About this task => Transcribe exactly the lines below that begin at the line with "of the plating." and stop after the line with "Colorful Beaded African", leaving out every picture.

Source records =>

────────────────────────────────────────

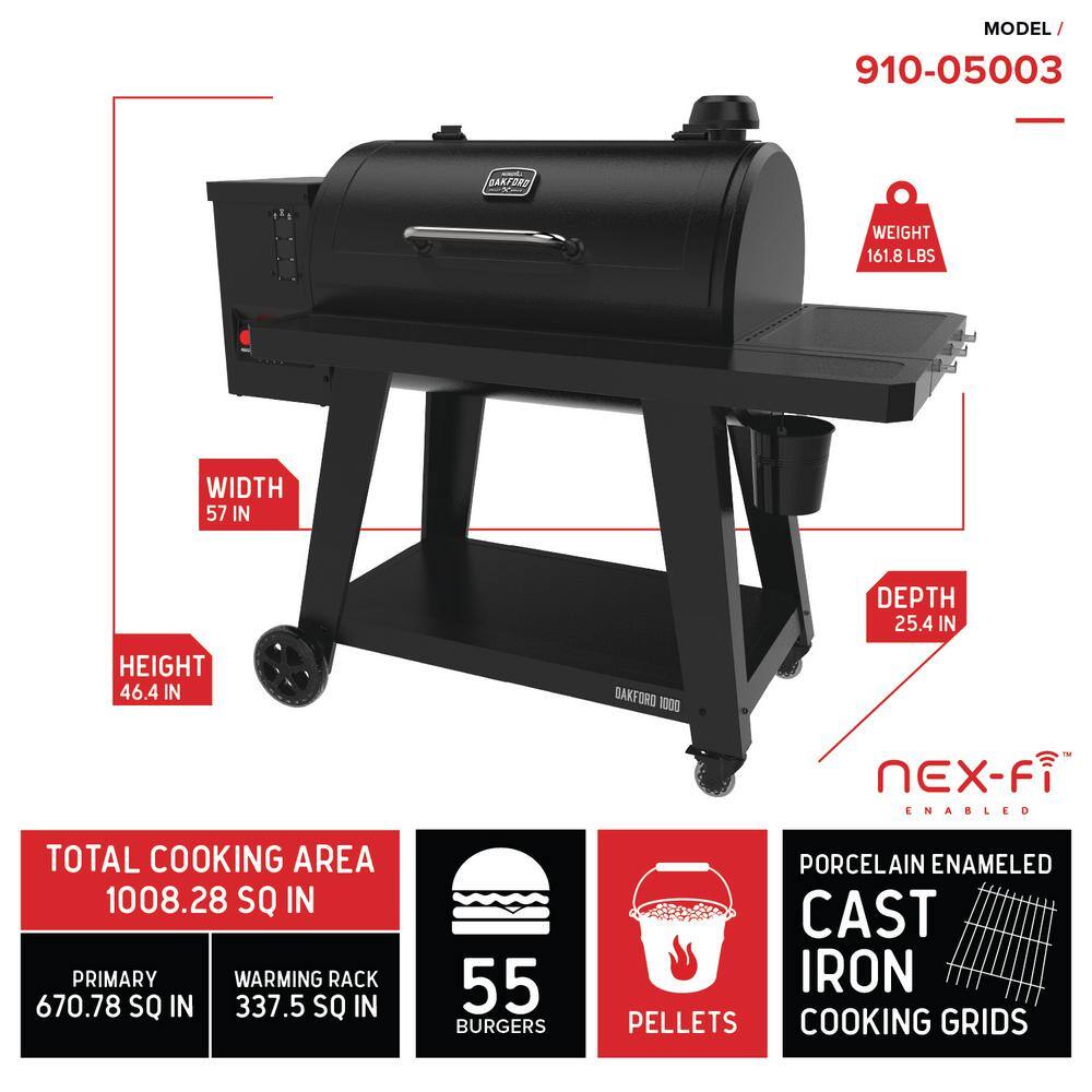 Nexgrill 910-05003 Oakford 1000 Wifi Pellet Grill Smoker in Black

────────────────────────────────────────

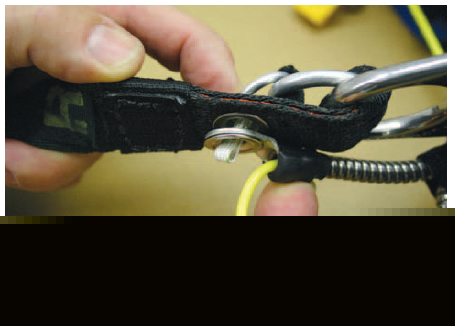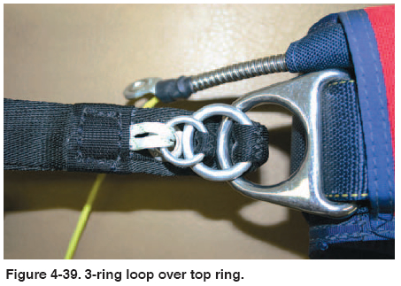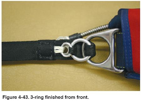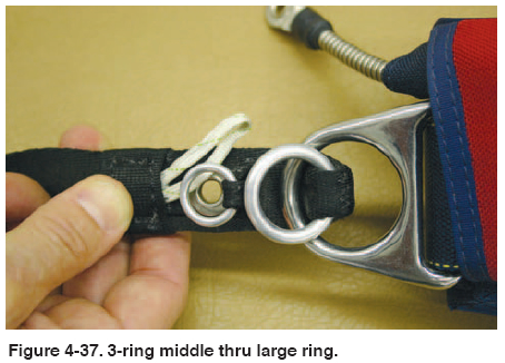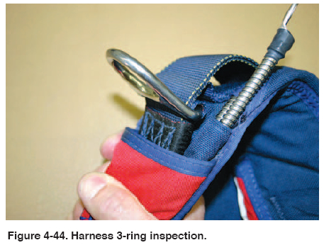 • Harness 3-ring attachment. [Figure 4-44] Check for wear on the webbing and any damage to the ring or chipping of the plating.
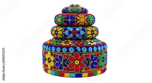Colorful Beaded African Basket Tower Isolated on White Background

────────────────────────────────────────

Your solution =>
 • Harness 3-ring attachment. [Figure 4-44] Check for wear on the webbing and any damage to the ring or chipping of the plating.
Colorful Beaded African Basket Tower Isolated on White Background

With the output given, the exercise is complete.